* **Task brief**
What are the lines below, starting at the line containing "This deep navy" and ending at the line containing "I LOVE all of"? Write them out exactly, ends included, without pictures.

* **Supplied entries**
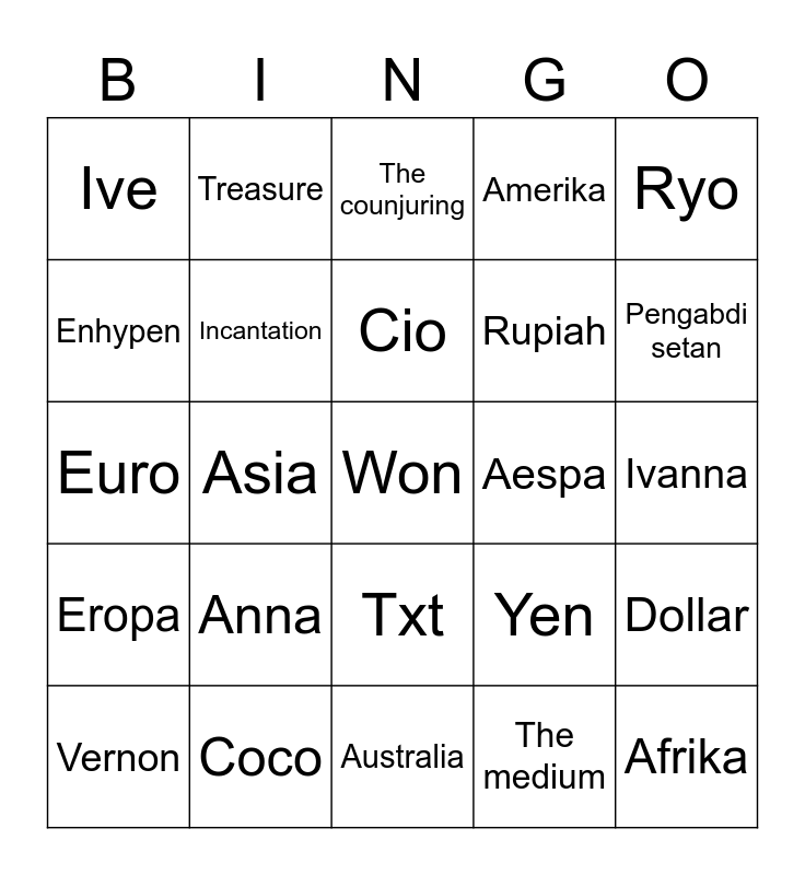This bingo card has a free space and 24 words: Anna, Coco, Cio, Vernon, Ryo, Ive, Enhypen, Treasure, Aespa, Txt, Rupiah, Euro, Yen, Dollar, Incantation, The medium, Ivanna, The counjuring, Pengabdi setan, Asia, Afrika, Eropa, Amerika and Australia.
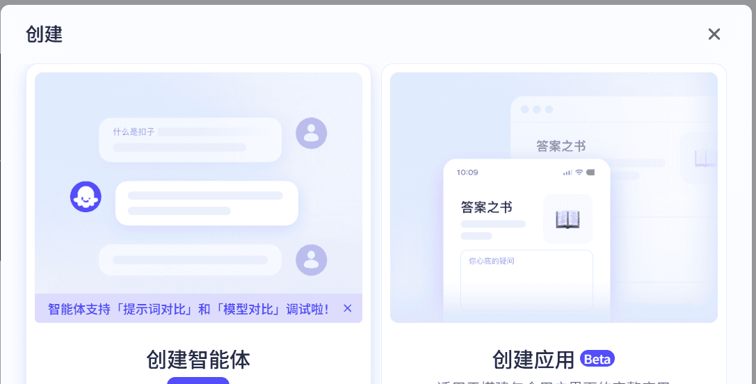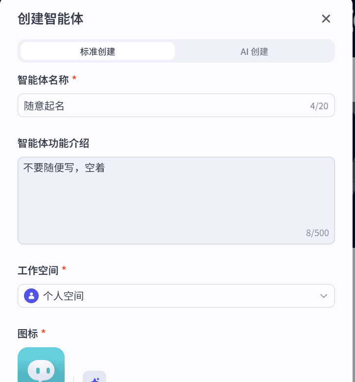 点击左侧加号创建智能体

---

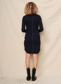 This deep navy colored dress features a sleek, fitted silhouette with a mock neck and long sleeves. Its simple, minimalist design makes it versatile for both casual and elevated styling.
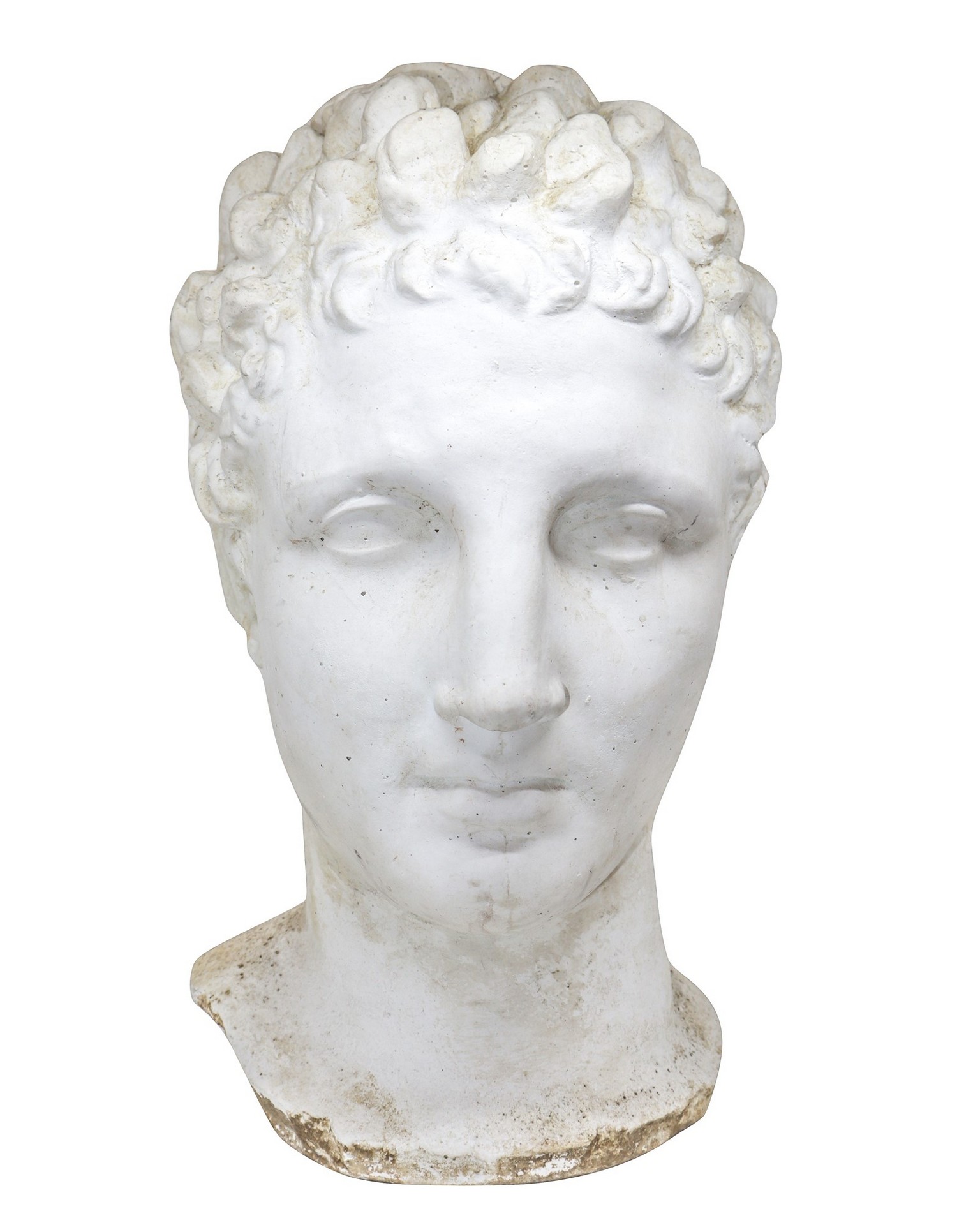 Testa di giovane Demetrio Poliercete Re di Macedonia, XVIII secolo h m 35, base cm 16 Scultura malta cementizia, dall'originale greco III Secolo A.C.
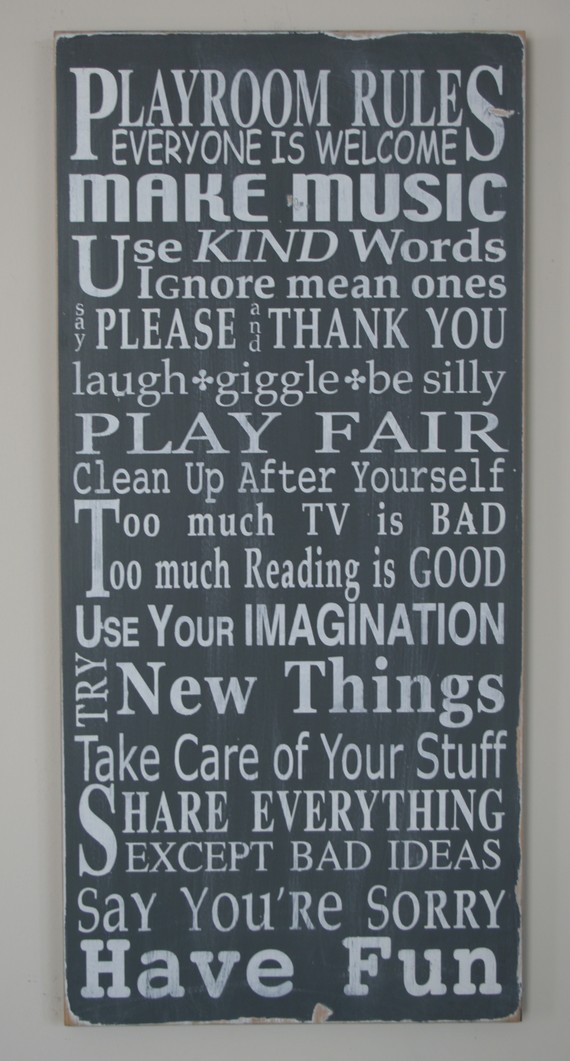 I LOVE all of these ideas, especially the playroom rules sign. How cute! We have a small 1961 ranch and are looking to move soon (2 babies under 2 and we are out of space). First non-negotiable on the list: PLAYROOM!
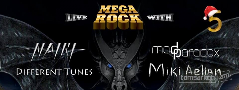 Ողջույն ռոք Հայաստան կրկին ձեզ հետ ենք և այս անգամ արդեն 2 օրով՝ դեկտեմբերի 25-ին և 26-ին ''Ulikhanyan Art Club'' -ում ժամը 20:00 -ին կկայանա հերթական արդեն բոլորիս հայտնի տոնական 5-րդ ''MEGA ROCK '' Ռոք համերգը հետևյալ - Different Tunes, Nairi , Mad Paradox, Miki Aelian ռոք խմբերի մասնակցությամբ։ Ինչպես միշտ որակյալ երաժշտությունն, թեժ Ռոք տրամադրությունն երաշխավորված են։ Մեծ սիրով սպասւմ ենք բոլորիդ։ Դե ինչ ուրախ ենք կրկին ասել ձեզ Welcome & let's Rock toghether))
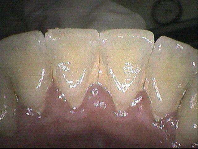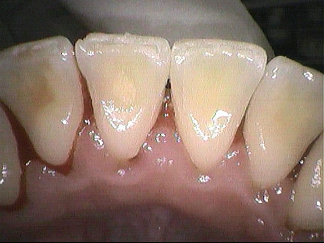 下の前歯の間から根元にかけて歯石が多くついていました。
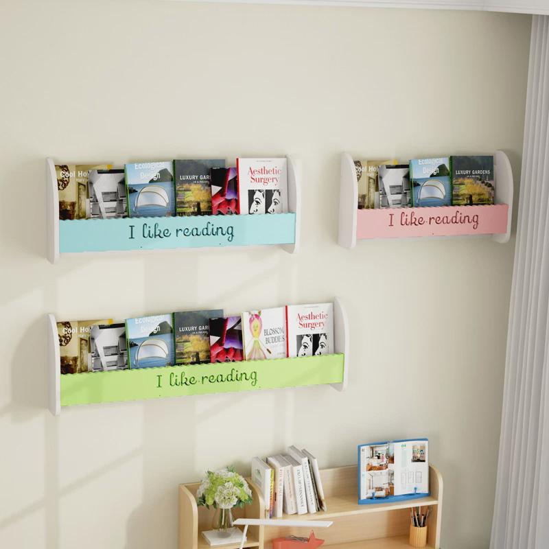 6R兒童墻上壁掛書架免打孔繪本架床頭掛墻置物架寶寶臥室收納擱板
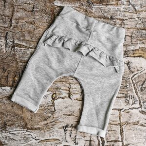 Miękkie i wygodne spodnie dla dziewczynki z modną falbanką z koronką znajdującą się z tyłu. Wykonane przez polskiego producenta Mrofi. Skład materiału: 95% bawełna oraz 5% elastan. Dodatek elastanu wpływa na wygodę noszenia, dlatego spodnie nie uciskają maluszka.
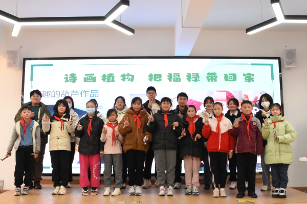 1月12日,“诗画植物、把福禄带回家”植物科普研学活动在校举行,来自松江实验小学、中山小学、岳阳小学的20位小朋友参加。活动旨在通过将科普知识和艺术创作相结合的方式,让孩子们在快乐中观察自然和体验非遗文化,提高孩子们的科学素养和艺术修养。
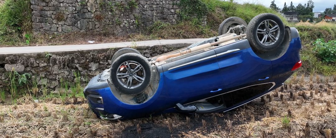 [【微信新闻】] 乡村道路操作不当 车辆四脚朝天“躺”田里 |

* **Response to the task**
 This deep navy colored dress features a sleek, fitted silhouette with a mock neck and long sleeves. Its simple, minimalist design makes it versatile for both casual and elevated styling.
 Testa di giovane Demetrio Poliercete Re di Macedonia, XVIII secolo h m 35, base cm 16 Scultura malta cementizia, dall'originale greco III Secolo A.C.
 I LOVE all of these ideas, especially the playroom rules sign. How cute! We have a small 1961 ranch and are looking to move soon (2 babies under 2 and we are out of space). First non-negotiable on the list: PLAYROOM!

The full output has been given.